- _WHAT TO DO_
The response should repeat word for word every line below from the one with "Now that we've" to the one with "East slips cleared of trees", inclusive, and nothing else; leave pictures out.

- _DATA EXCERPTS_
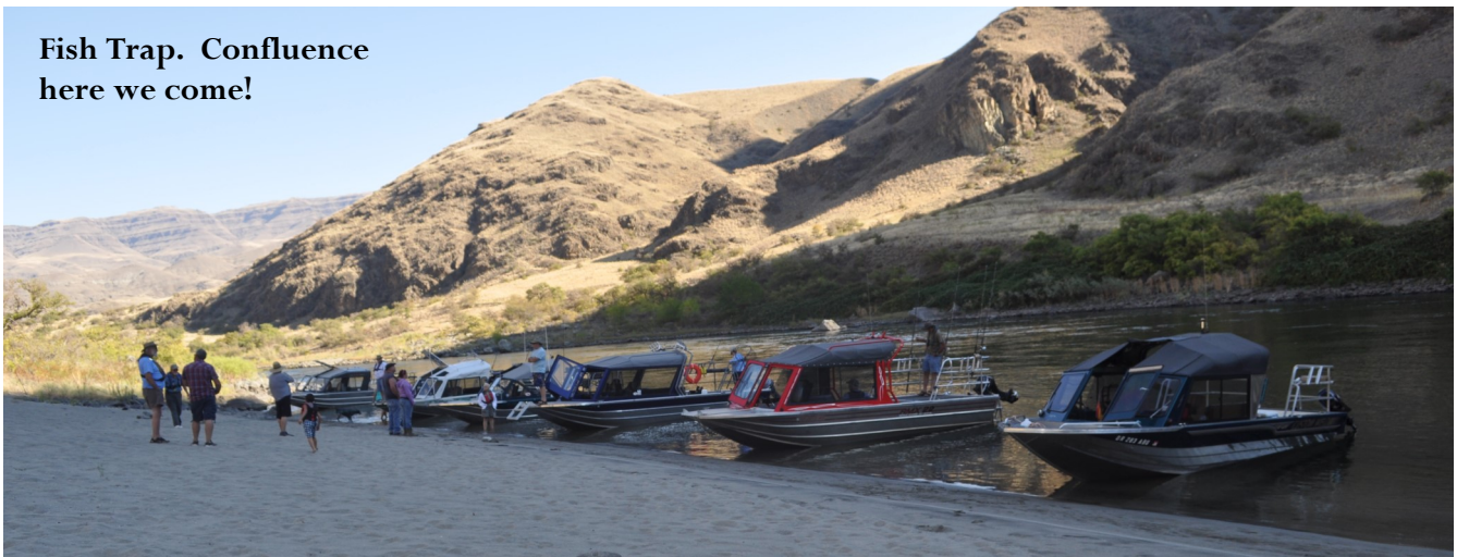
Fish Trap. Confluence here we come!
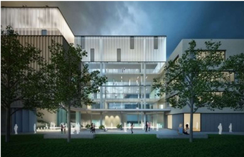
The 'East Quad' at the Grangegorman Campus

School of Social Sciences, Law and Education
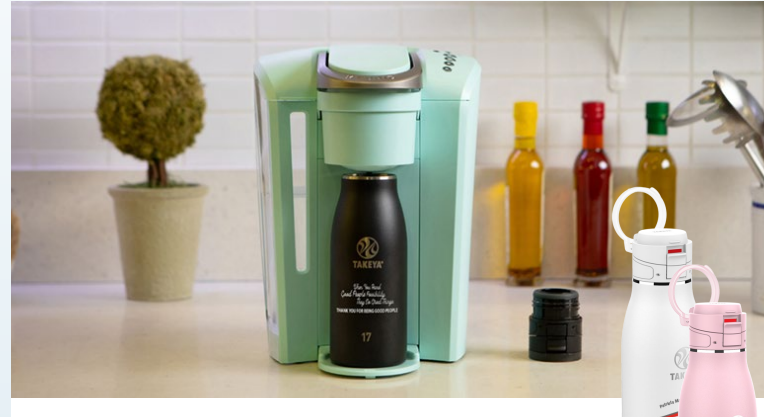
INSULATED STAINLESS STEEL TRAVELERS Prevents spills and keeps your favorite drinks at the perfect temperature.

Originals Bottles with spout lid in 18, 24, 32 and 40 oz. sizes.
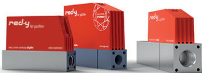
Fig. 2 red-y smart meter & controller:

The high precision and fast regulation of the thermal mass flow meters and mass flow controllers is remarkable.
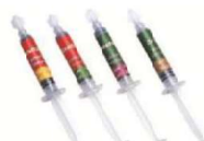
鑽石膏 Diamond Compounds
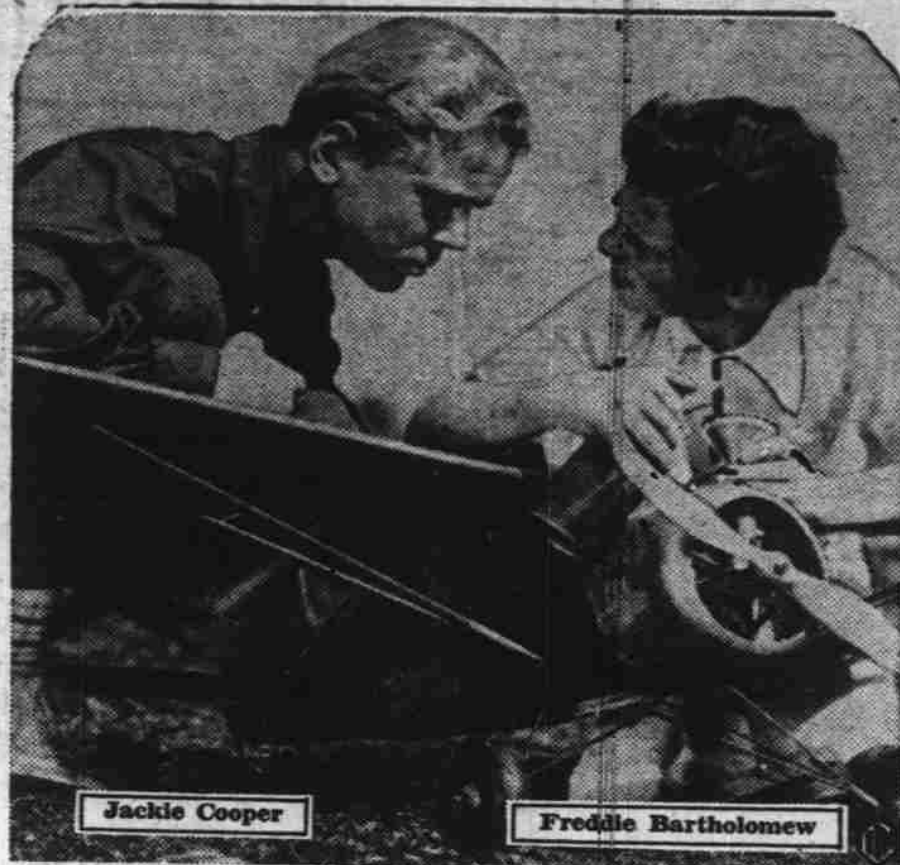
Although Jackie Cooper, left, and Freddie Bartholomew, right, are among the higher priced film stars of Hollywood, they proved to be little different than other lads their age when they established a record endurance flight of one hour and 47 minutes with their motorized model plane, built by Reginald Denny, film star.
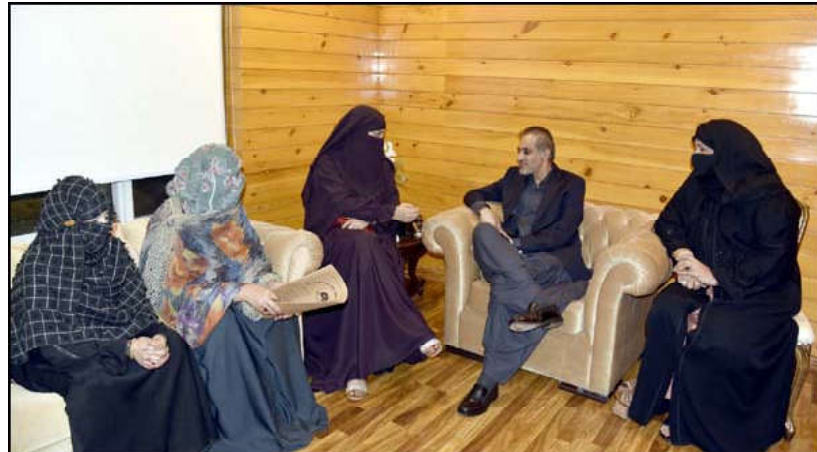
QUETTA: A delegation of women MPAs meeting with Balochistan Chief Minister Mir Abdul Qudus Bizenjo.

lowers fought against the injustice and sacrificed their lives to uphold the sanctity of truth. Dr Alvi prayed that may Allah Almighty make the new Islamic year a source of His blessings for Pakistan, the nation, Islamic community and the entire world. "May the new Islamic year bring for us the peace, prosperity and happiness and lead us towards a better future ahead," he said. Meanwhile on the advent of the new Islamic year on Wednesday, Prime Minister Shehbaz Sharif urged countrymen to strive for emulating the noble teachings of the Holy Prophet Muhammad (PBUH) and his companions besides building a society featuring principles of social justice and equality. "Let us pledge today that we will strive to emulate the noble qualities established by our Prophet Muhammad (PBUH).
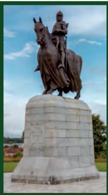
Robert the Bruce statue, at the monument for the Battle of Bannockburn.

In the year 1306 King Robert I ("The Bruce") was crowned at Scone. Bruce was crowned by Bishop William de Lamberton in front of the banner of the kings of Scotland, wearing royal robes which had been hidden from the English.
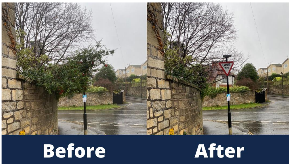
Overgrown vegetation trimmed back to reveal giveaway road sign on Englishcombe Lane, Moorlands
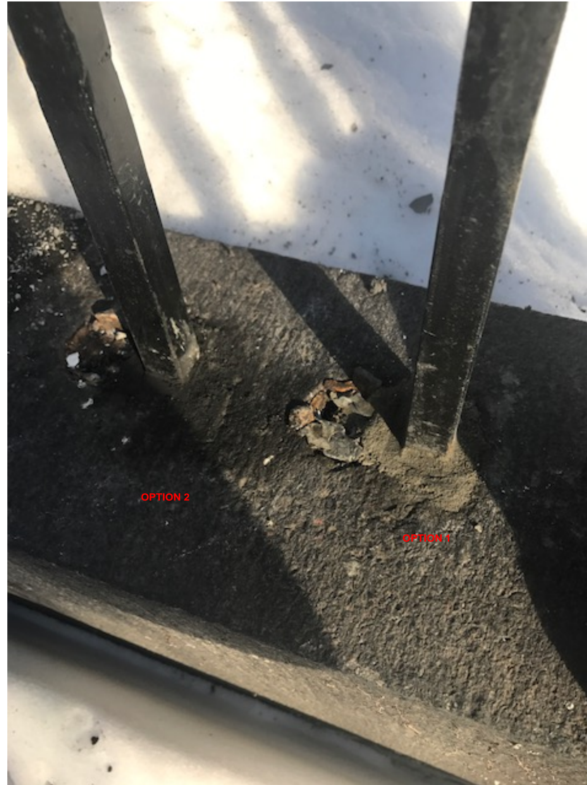
73 MOUNT VERNON - Stone Repair Mock-up
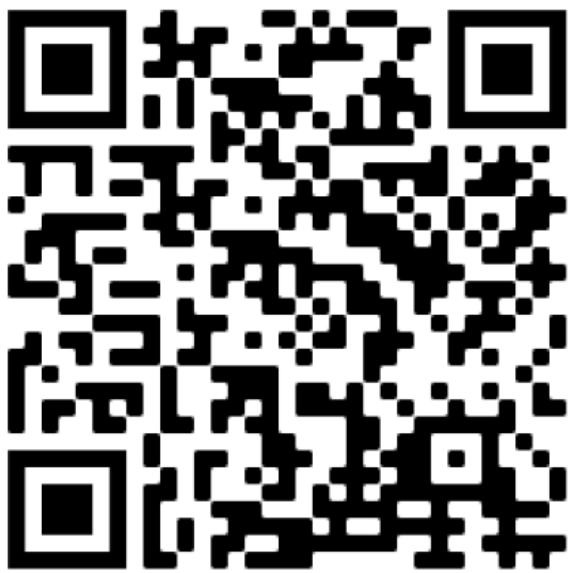
SCAN TO LEARN MORE ON OUR WEBSITE!
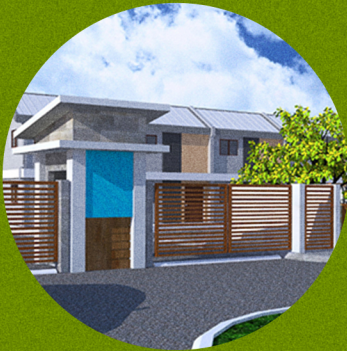
Guard House and Gate

📍 Brgy. Tatala, Binangonan, Province of Rizal
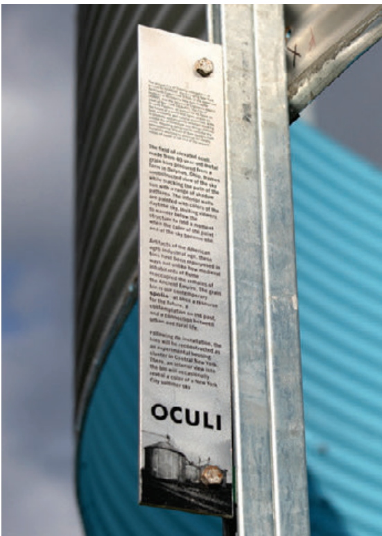
Oculi Pavilion by Austin+Mergold, City of Dreams Pavilion (with ENYA and SEaONY)
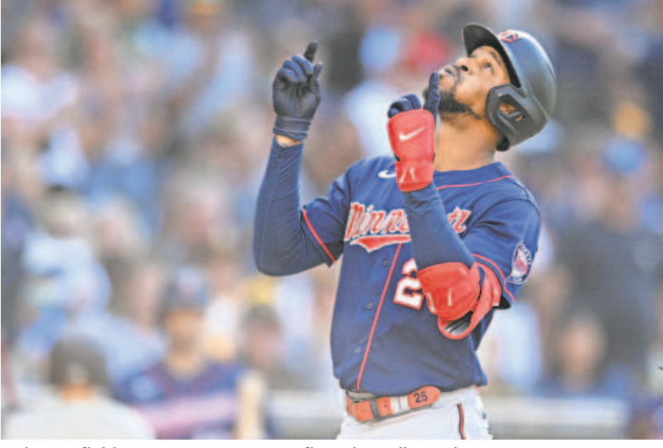
Twins outfielder Byron Buxton was a first-time All-Star in 2022.

So all they get back for Contreras, the best position player on the market not named Juan Soto, is a draft pick when they make him a qualifying offer.
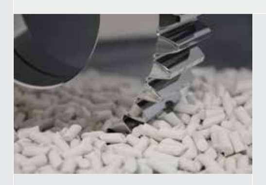
Special process Keramo® Finish – High gloss finish for your cutlery!
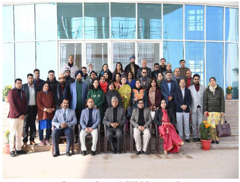
Group photo | (IIM Jammu)
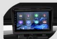
9" Bluetooth Touchscreen W/Back- up Camera
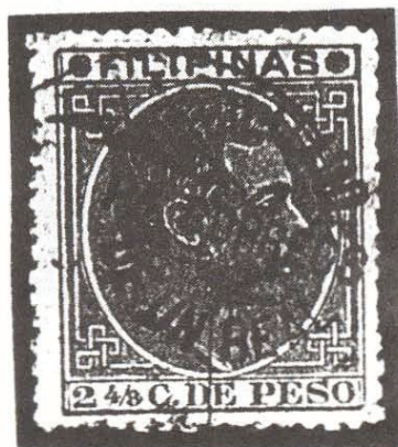
Figure 3. Proposed Scott #94A. Used stamp with circular date cancel. Although the surcharge type is not listed by Bartels et al. (1904), it is assigned a new number, XIII A. Surcharge type similar to #94A (Figure 1). N. Gooding Collection (1994).
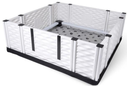
Figure 3 - EzWhelp Whelping Box
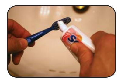
Use desensitizing toothpaste

Now that we've placed your permanent inlay or onlay, it is important to follow these recommendations to ensure its success.
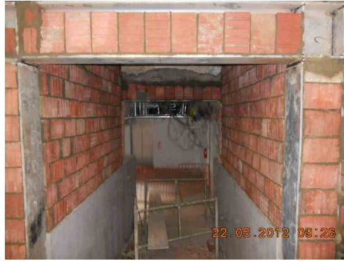
Construction of ramp at basement completed.
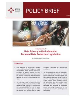
Data Privacy in the Indonesian Personal Data Protection Legislation
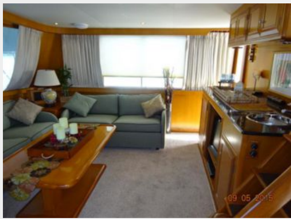
54' Ocean Alexander sundeck port
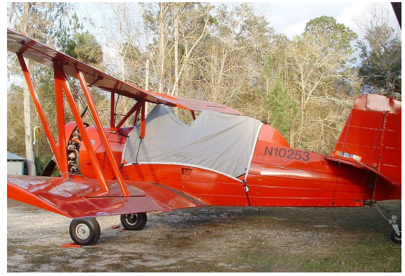
Grumman Ag Cat G-164, Open Cockpit, Canopy Cover
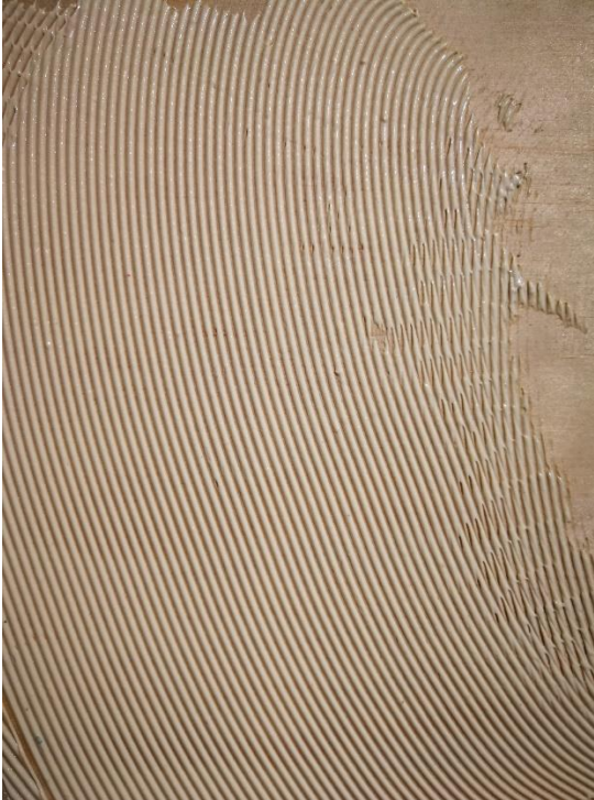
Current WBA 100 formulation
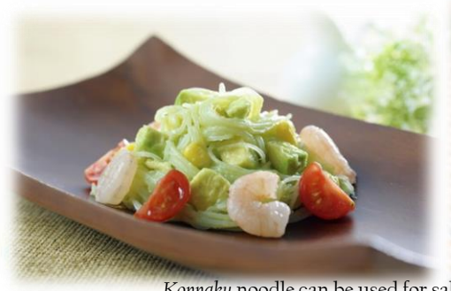
Konnaku noodle can be used for salads and pasta dishes
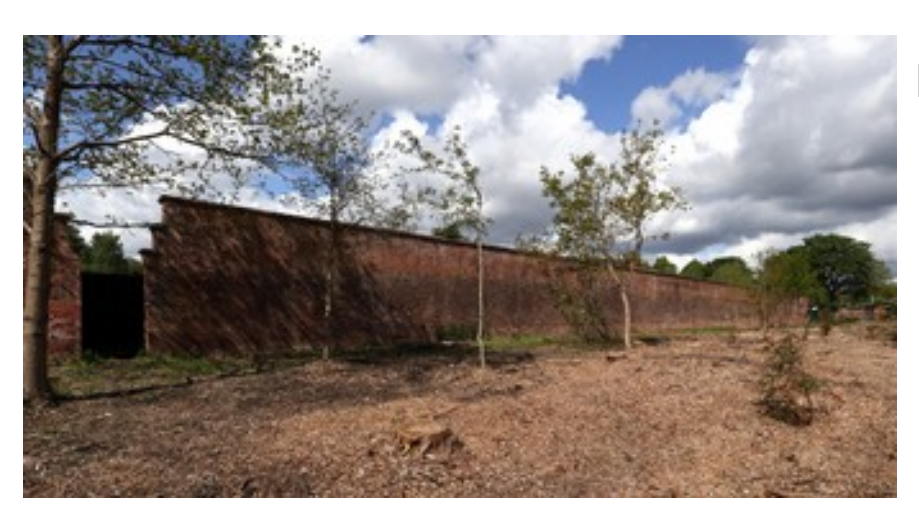
East slips cleared of trees
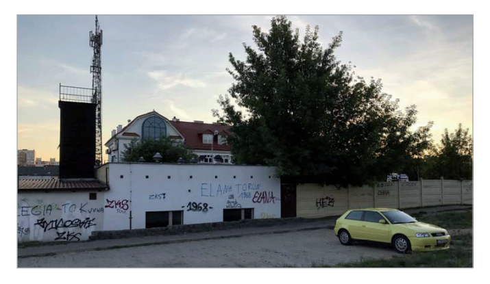
A passage towards "Piekarskie Góry"

It is hard to imagine that the avenues in the parks were illuminated as well as promenades in city centres; however, the lack of lighting coupled with the absence of a police station contributes to the fact that the parks located in Bydgoskie Przedmieście are judged by its inhabitants as dangerous, especially during autumn and winter. The question arises: is it worthwhile to endow the neighbourhood without a police station with one such station? What follows from the research is that 67% of the respondents are in favour of setting up a police station there – 36% of the respondents emphasized their frank acknowledgement by choosing the answer 'definitely yes' and 31% of them answered 'yes', In the inhabitants' opinion, there is a need for a police station – among others – in the cases calling for quick intervention and when it comes to the general order in the streets. However, 30% of the respondents believe that a police station is not needed and

- _SOLVED PROBLEM_
Now that we've placed your permanent inlay or onlay, it is important to follow these recommendations to ensure its success.
Construction of ramp at basement completed.
Data Privacy in the Indonesian Personal Data Protection Legislation
54' Ocean Alexander sundeck port
Grumman Ag Cat G-164, Open Cockpit, Canopy Cover
Current WBA 100 formulation
Konnaku noodle can be used for salads and pasta dishes
East slips cleared of trees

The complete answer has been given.